A New Treatment for Bowel Problems: Eating 1,000 Parasitic Worm Eggs

By Jennifer Welsh | December 2, 2010 5:09 pm

worm-eggs-101201-02Intestinal parasites might turn most people’s stomachs, but for some people suffering from ulcerative colitis, the creepy crawlies might actually reverse intestinal discomfort and symptoms. A new study found that infestation with whipworms, aka Trichuris trichiura, can ease the symptoms of an inflammatory bowel disorder, possibly by stimulating mucus production in the intestines.

Ulcerative colitis is an intestinal auto-immune disease causing inflammation and ulcers, which can bleed. Patients can either take immune-suppressing steroids (with lots of side effects), or have parts of their intestines and bowel removed to reduce symptoms.

One colitis patient, on a lone voyage to cure his bowel problems, went in search of worms after hearing about a researcher, Joel Weinstock, who believes that intestinal parasites like whipworms and hookworms can cure autoimmune diseases. In 2004 he was able to get his hands on a batch of human whipworm eggs from Thailand. He ingested 500 of them, and the eggs hatched inside him and set up shop in his intestines (want to see a picture? Beware: linked photo may make you revisit your lunch). Three months later, he downed 1,000 more eggs.

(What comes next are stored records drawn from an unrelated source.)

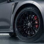 Bagi meningkatkan lagi kehebatan dan kecemerlangan sudut prestasinya, GR Corolla ini dipasangkan dengan rim gloss black 18-inci di bahagian belakang dengan tayar Michelin Pilot Sport 4. Dilengkapi pula dengan sistem pemberhentian caliper aluminium 4-piston, cakera depan berukuran 14 inci. Belakang pula, dipasangkan dengan caliper aluminium 2-piston dan lebih kecil 11.7-inch.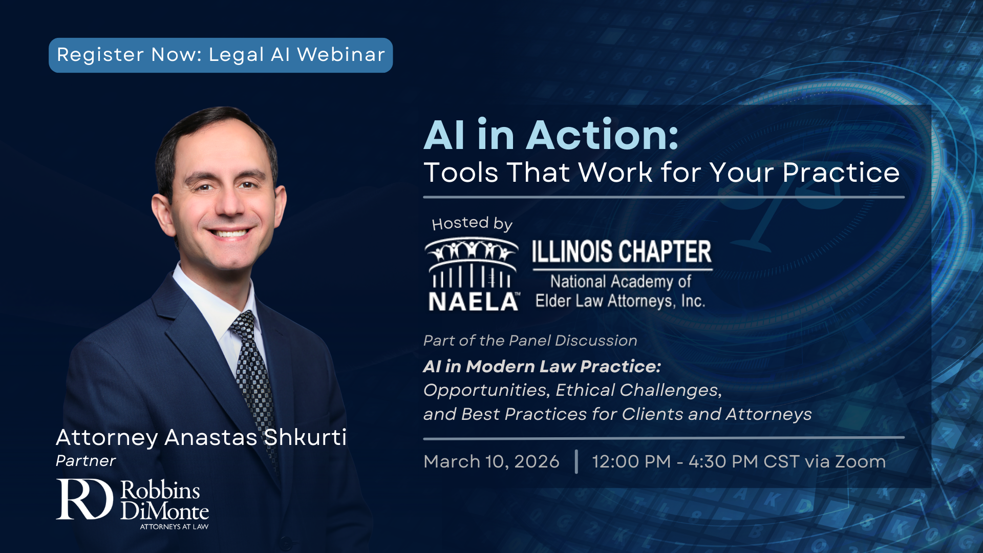 Robbins DiMonte Partner Anastas Shkurti will present “AI in Action: Tools That Work for Your Practice” as part of the Illinois Chapter of the National Academy of Elder Law Attorneys’ (NAELA) upcoming webinar, AI in the Modern Law Practice: Opportunities, Ethical Challenges, and Best Practices for Attorneys and Their Clients.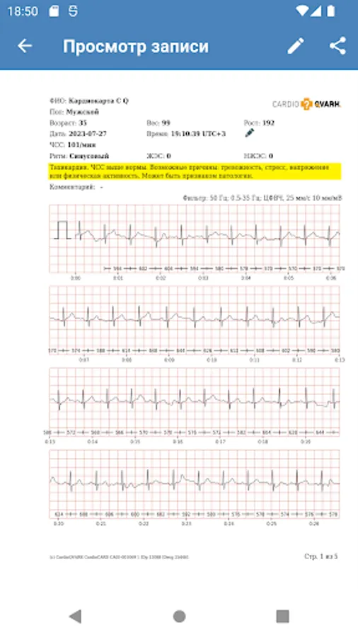 An application for working with a personal device for recording heart rate for non-medical purposes CardioCARD CardioQVARK.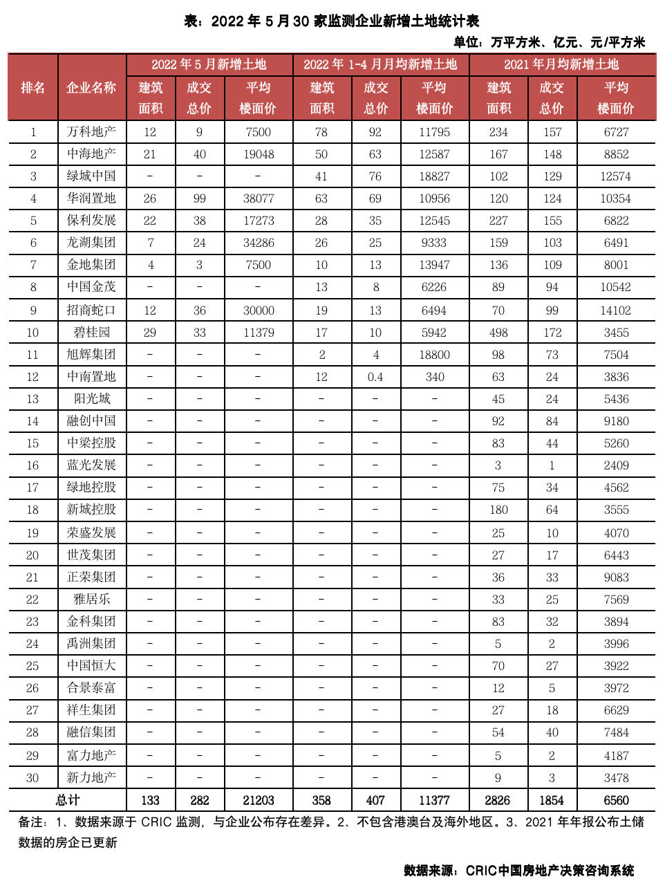 2、本月監測房企中僅8家投資拿地,規模化國企、央企是主力,民企投資幾乎停滯。整體來看,30家重點監測房企中,拿地依然是國企、央企等老面孔,僅龍湖、碧桂園等民企在5月份有投資動作。一方面是受到企業自身現金流影響,另一方面與廣州、北京、蘇州等土拍價格較高不無關系。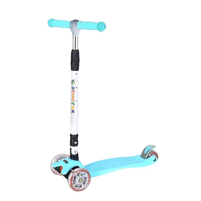 新タイプ 2カラー キックボード 折りたたみ式 子供用 3輪 ブレーキ付き キックスケータ 3輪キッズスクーター イージースケーター SCOOTER 子供 おもちゃ 光る (ライトブルー)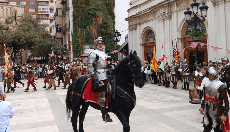 El desfile ha comenzado en la avenida Lidón y ha recorrido las principales calles del centro, haciendo una parada especial en la plaza Mayor para la recepción de las autoridades. Los asistentes han podido disfrutar de una detallada representación de la vida militar del siglo XVI, con soldados armados con picas y espadas, jinetes a caballo, y músicos que han evocado las marchas de la época con tambores y pífanos.

None of this was done under doctor supervision, of course, since the only kind of whipworm approved for medical testing in the United States don’t live very long in humans. After the patient has filled his bowels with worms, he contacted parasite immunologist P’ng Loke. The man allowed doctors to take a gander at his colon and track the worms and his symptoms, Loke explained to LiveScience:

“When he had colonoscopies for different reasons, we basically tried to characterize biopsies that were taken from his gut,” Loke told LiveScience. “We tried to look at these biopsies and see what kinds of immune cells were activated … what kind of genes were activated. We were trying to put together a picture of what was going on in the gut at different times.”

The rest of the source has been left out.